- [REQUIREMENT]: Write out the lines of the material below exactly, beginning at the line with "14-yanvar sanasida o'tkazilgan" and stopping after the line with "連日來,經(jīng)過一番", and leave out the pictures.
━━━ EXTRACTED RECORDS ━━━
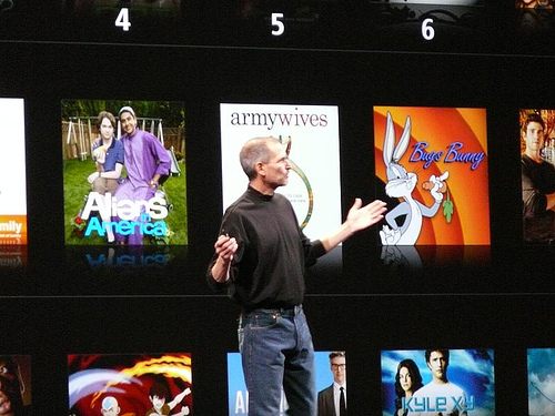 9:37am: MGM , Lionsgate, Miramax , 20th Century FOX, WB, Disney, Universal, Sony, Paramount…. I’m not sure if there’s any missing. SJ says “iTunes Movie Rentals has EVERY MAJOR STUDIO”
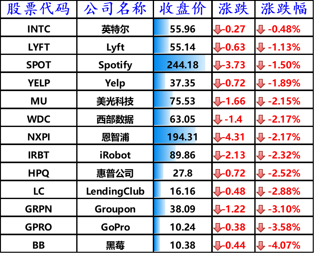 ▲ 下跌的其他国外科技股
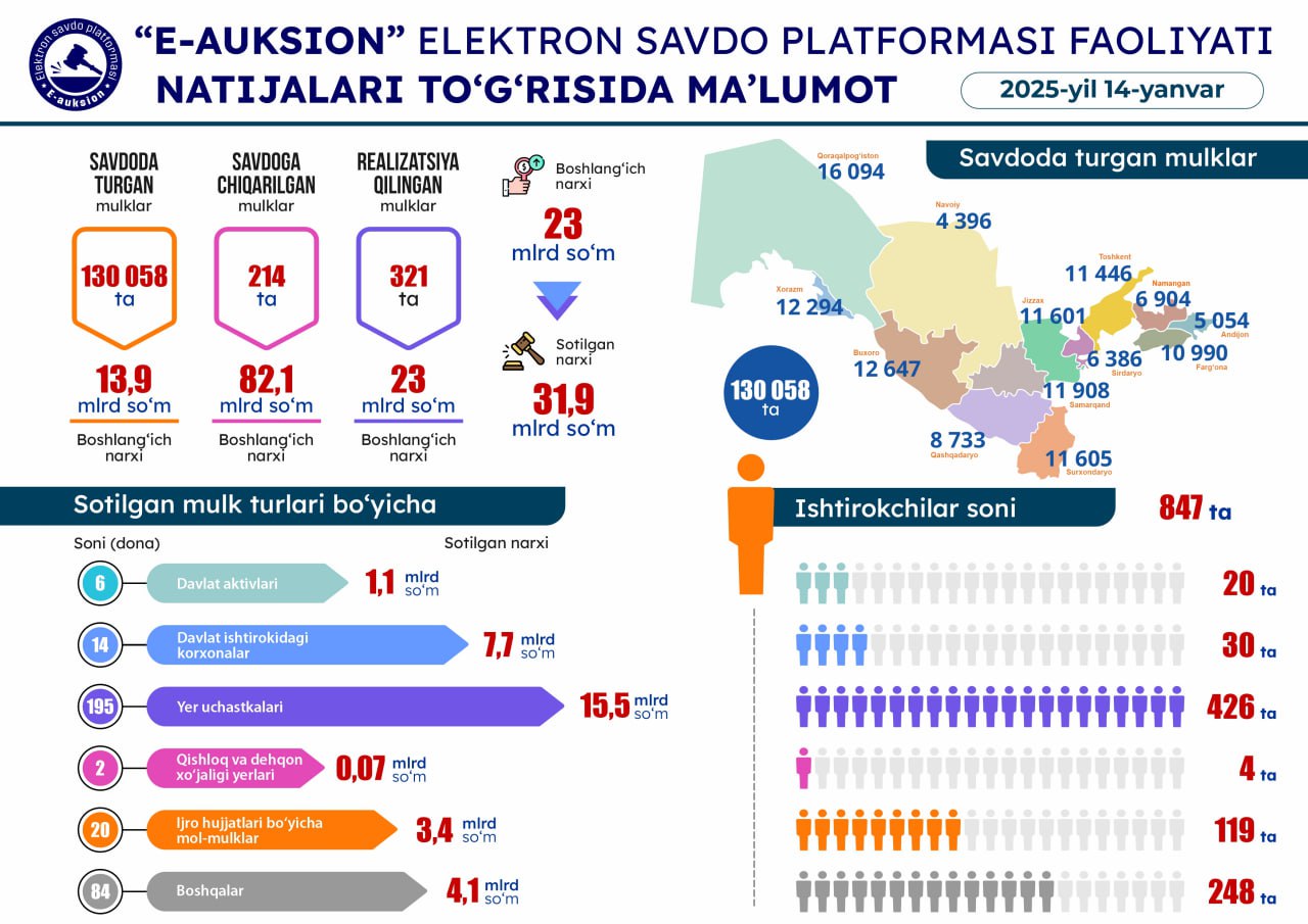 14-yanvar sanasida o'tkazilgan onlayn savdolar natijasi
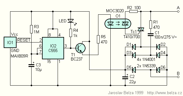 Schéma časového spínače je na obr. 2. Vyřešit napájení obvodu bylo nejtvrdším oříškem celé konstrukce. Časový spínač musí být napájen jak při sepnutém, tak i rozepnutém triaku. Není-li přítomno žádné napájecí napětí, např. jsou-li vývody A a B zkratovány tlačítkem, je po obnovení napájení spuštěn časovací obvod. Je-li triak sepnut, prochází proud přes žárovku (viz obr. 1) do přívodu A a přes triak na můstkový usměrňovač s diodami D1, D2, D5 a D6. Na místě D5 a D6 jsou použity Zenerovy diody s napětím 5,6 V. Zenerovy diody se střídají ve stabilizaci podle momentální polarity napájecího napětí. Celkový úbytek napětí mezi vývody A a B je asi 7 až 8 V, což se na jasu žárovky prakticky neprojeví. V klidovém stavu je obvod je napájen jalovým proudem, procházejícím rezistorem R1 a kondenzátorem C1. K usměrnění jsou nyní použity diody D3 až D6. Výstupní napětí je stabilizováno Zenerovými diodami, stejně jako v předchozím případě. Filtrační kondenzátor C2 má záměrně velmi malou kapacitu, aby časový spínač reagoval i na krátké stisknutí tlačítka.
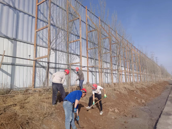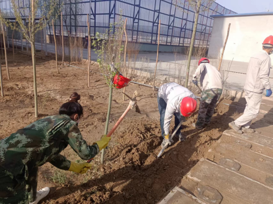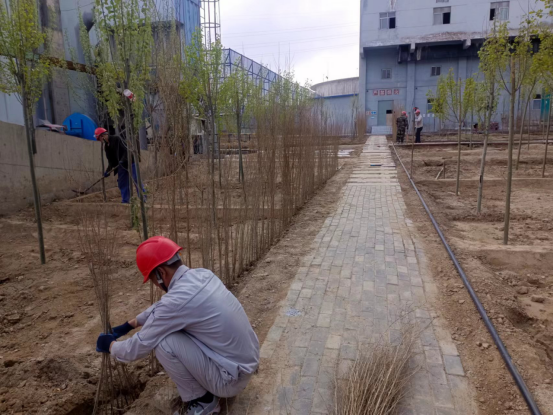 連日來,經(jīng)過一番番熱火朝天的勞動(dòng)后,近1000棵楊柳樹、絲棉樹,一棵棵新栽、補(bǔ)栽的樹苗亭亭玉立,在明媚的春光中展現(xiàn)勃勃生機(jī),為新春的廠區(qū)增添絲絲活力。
━━━
━━━ EXTRACTED RECORDS ━━━
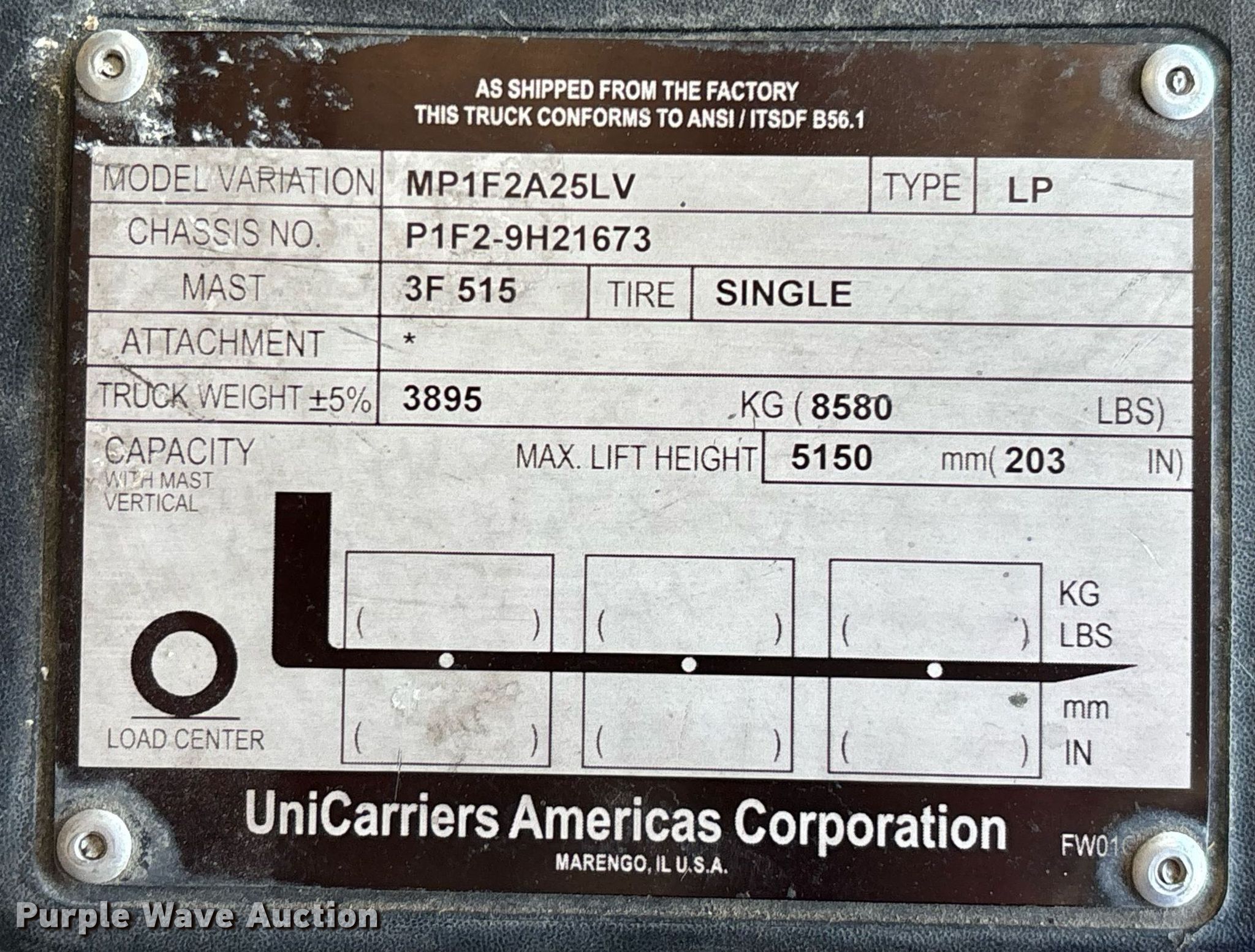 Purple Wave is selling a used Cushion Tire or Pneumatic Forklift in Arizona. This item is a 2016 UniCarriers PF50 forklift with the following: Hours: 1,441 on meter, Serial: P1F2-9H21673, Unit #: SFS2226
━━━
- [EXERCISE ANSWER]:
 14-yanvar sanasida o'tkazilgan onlayn savdolar natijasi
 Schéma časového spínače je na obr. 2. Vyřešit napájení obvodu bylo nejtvrdším oříškem celé konstrukce. Časový spínač musí být napájen jak při sepnutém, tak i rozepnutém triaku. Není-li přítomno žádné napájecí napětí, např. jsou-li vývody A a B zkratovány tlačítkem, je po obnovení napájení spuštěn časovací obvod. Je-li triak sepnut, prochází proud přes žárovku (viz obr. 1) do přívodu A a přes triak na můstkový usměrňovač s diodami D1, D2, D5 a D6. Na místě D5 a D6 jsou použity Zenerovy diody s napětím 5,6 V. Zenerovy diody se střídají ve stabilizaci podle momentální polarity napájecího napětí. Celkový úbytek napětí mezi vývody A a B je asi 7 až 8 V, což se na jasu žárovky prakticky neprojeví. V klidovém stavu je obvod je napájen jalovým proudem, procházejícím rezistorem R1 a kondenzátorem C1. K usměrnění jsou nyní použity diody D3 až D6. Výstupní napětí je stabilizováno Zenerovými diodami, stejně jako v předchozím případě. Filtrační kondenzátor C2 má záměrně velmi malou kapacitu, aby časový spínač reagoval i na krátké stisknutí tlačítka.
 連日來,經(jīng)過一番番熱火朝天的勞動(dòng)后,近1000棵楊柳樹、絲棉樹,一棵棵新栽、補(bǔ)栽的樹苗亭亭玉立,在明媚的春光中展現(xiàn)勃勃生機(jī),為新春的廠區(qū)增添絲絲活力。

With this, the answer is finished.